Sarà un momento chiave, ma anche rischioso, perché tornerà a mettere in contatto territori con quadri epidemiologici diversi. Oggi il consueto monitoraggio settimanale ha illustrato il quadro delle regioni italiane: verifica importante perché sarà proprio la situazione che verrà illustrata nella prossima relazione, esattamente tra una settimana, venerdì 29 maggio, a decidere tra quali regioni sarà possibile viaggiare liberamente (già oggi lo si può fare per lavoro o per motivi di salute).

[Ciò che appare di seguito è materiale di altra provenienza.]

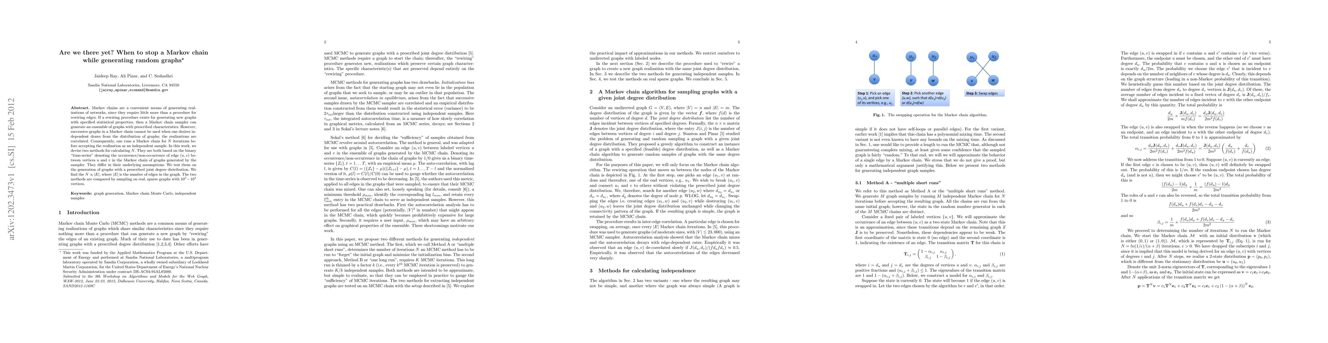 This paper proposes two methods to determine the optimal number of iterations, N, for a Markov chain to generate independent random graphs with a specified joint degree distribution. The methods are tested on sparse graphs, showing that N is proportional to the number of edges, |E|.
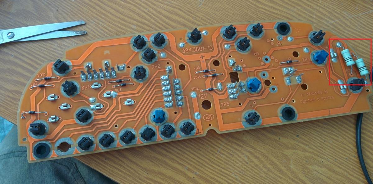 Разбираем панель и извлекаем тахометр (он держится на 3-х контактных гайках и 2-х саморезах. Затем аккуратно с помощью двух отверток снимаем стрелку, отклеиваем шкалу (тоже аккуратно).
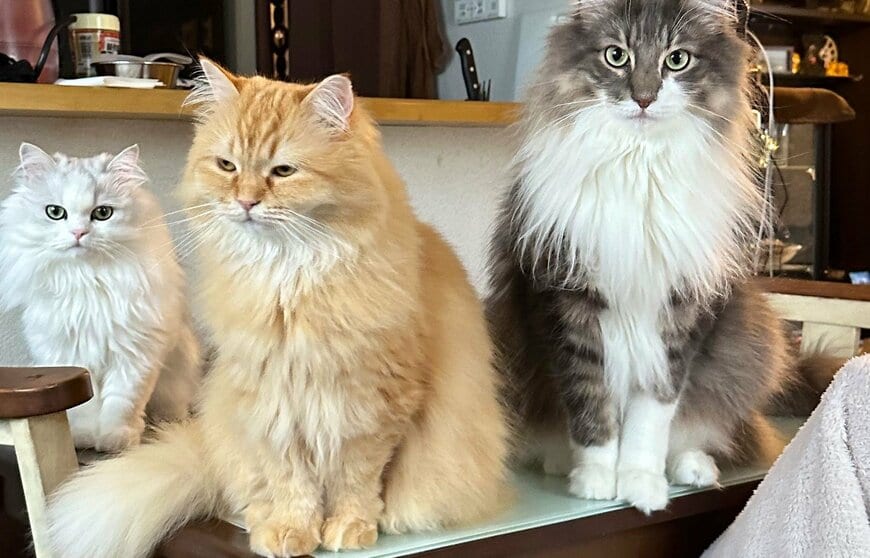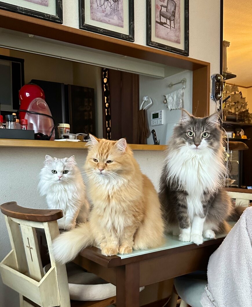 3匹の表情から伝わる「圧」に加え、みんな揃ってお行儀よく同じ格好をしているところも可愛くて、思わずクスッときてしまいます。
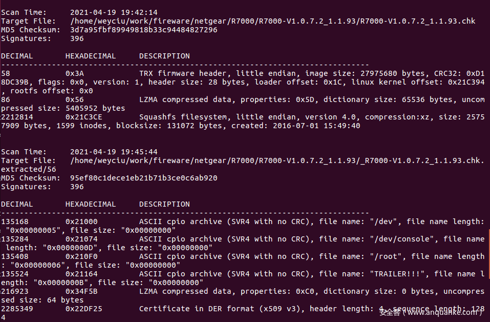 使用 binwalk -Me R7000-V1.0.7.2_1.1.93.chk 即可解包成功(固件没有加密,可直接分析)。
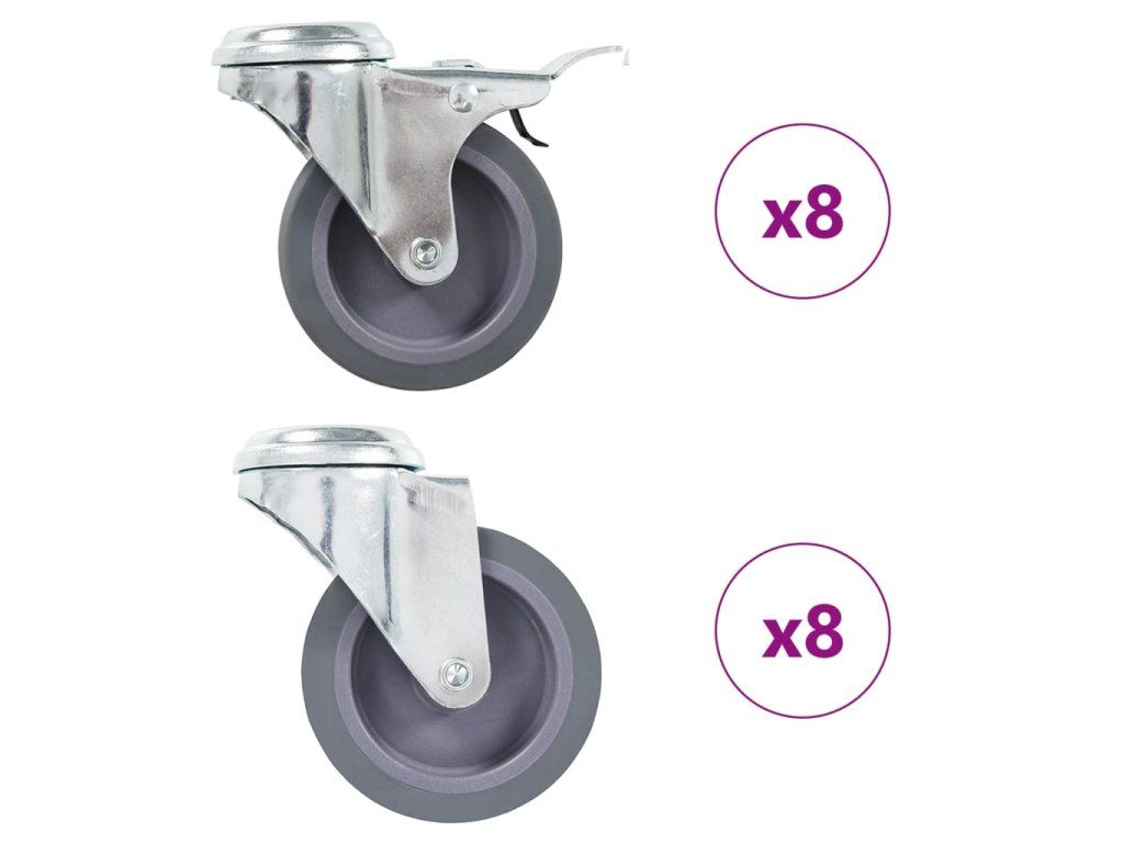 Balení obsahuje 8 otočných koleček s otvorem pro šroub a 8 otočných koleček s otvorem pro šroub a brzdou.
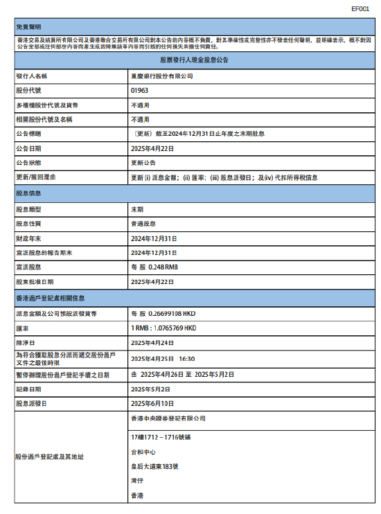 重庆银行:将于6月10日派发末期股息每股0.26699108港元 金融一线 2025.04.2221:43 关注 4月22日金融一线消息,重庆银行发布公告称,将于2025年6月10日派发截至2024年12月31日止年度的末期股息每股0.26699108港元。

Sotto la lente d’ingrandimento degli esperti dell’Istituto superiore di sanità c’è sempre il famigerato rt, l’indice di contagio, il termometro di ogni epidemia che misura la capacità di contagio di ogni persona infetta: mantenerlo sotto quota 1 è fondamentale per contenerla. Nella rilevazione odierna l’unica regione con un indice sopra 1 è la Valle d’Aosta, a quota 1,06.

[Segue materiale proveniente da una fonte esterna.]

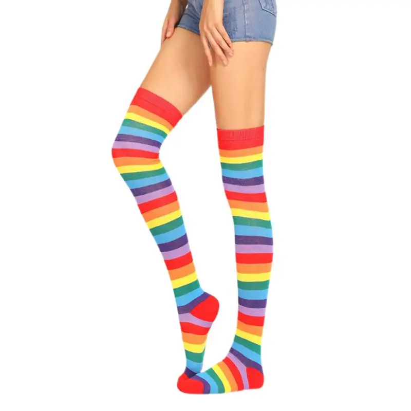 Женские длинные гольфы в радужную разноцветную полоску для девочек; Карнавальный костюм на Хэллоуин; Вязаные эластичные гольфы
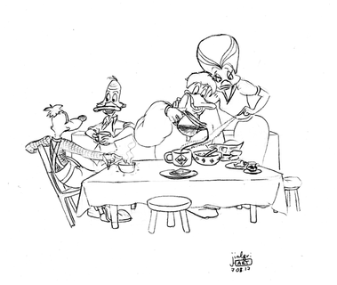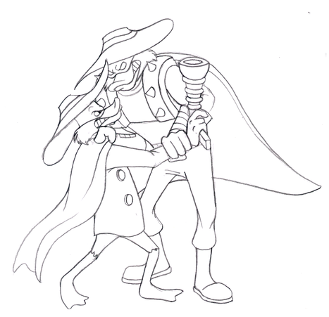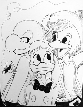 Launchpad is trying to get his buddy Drake Mallard a job at Scrooge McDuck's money bin, sort of like, a filer or secretary or something. Obviously Scrooge is very angry for some reason, probably giving them both a warning screw this up and your both fired' I just really wanted to draw a rumpy Scrooge poking his cane at Drake XD
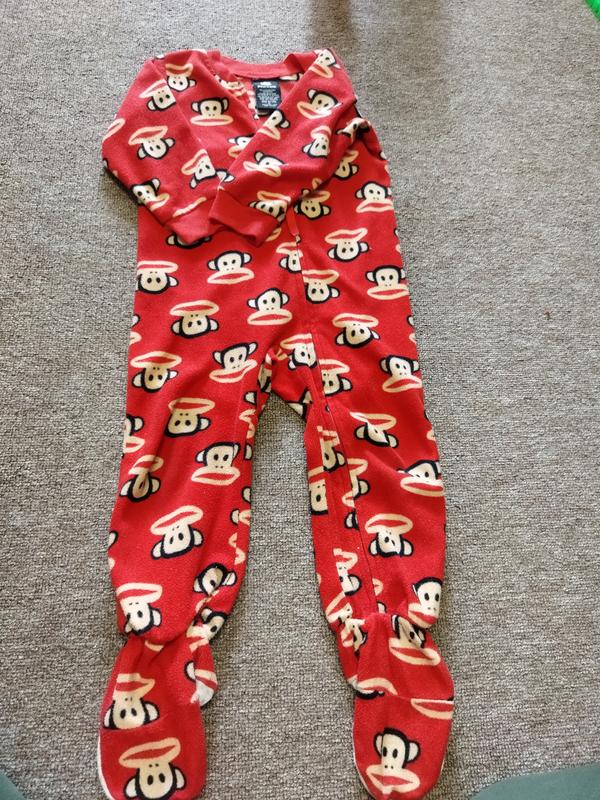 Размер по набору 2Т На легком флисе Состояние очень хорошее, более не большие потертости на пятках. Цвет насыщенный красный.
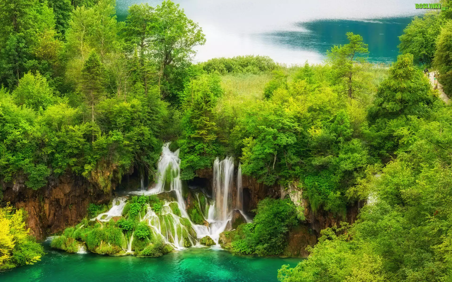 Wodospady, Jeziora, Drzewa, Rośliny, Skały, Park Narodowy Jezior Plitwickich, Chorwacja
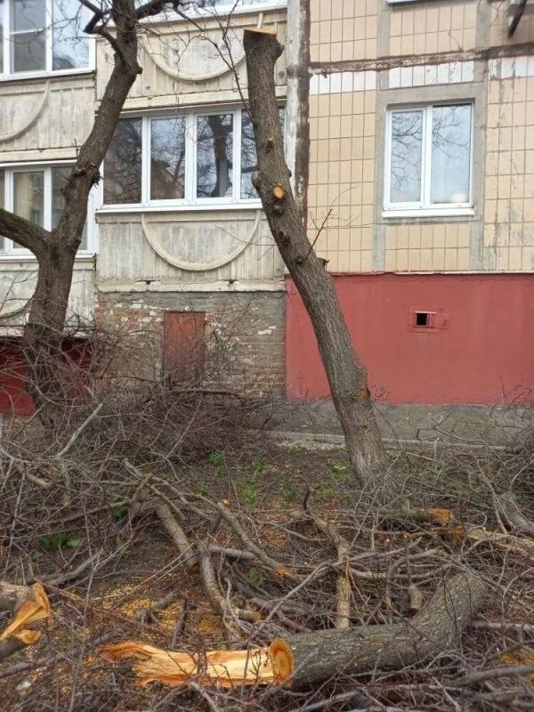 Во дворе дома № 6 по улице Буденного в Белгороде начали вырубать деревья. Местные жители встретили это решение без энтузиазма — и не только из-за потери зелени. По их словам, абрикосы не только радовали глаз и давали урожай, но и выполняли защитную функцию во время обстрелов.

E’ però un dato soggetto a notevoli e repentini mutamenti  e che tiene conto anche della quantità di casi: in Lombardia è a 0,51, in Sicilia a 0,69, a fronte di  circa 86.000 e 3.400 casi accertati. Ciò significa che è più alto l’indice in Sicilia, ma è molto superiore il numero di nuovi casi che “produce” la Lombardia, come comunicato in ogni rilevamento quotidiano. In Toscana rt è a 0,59.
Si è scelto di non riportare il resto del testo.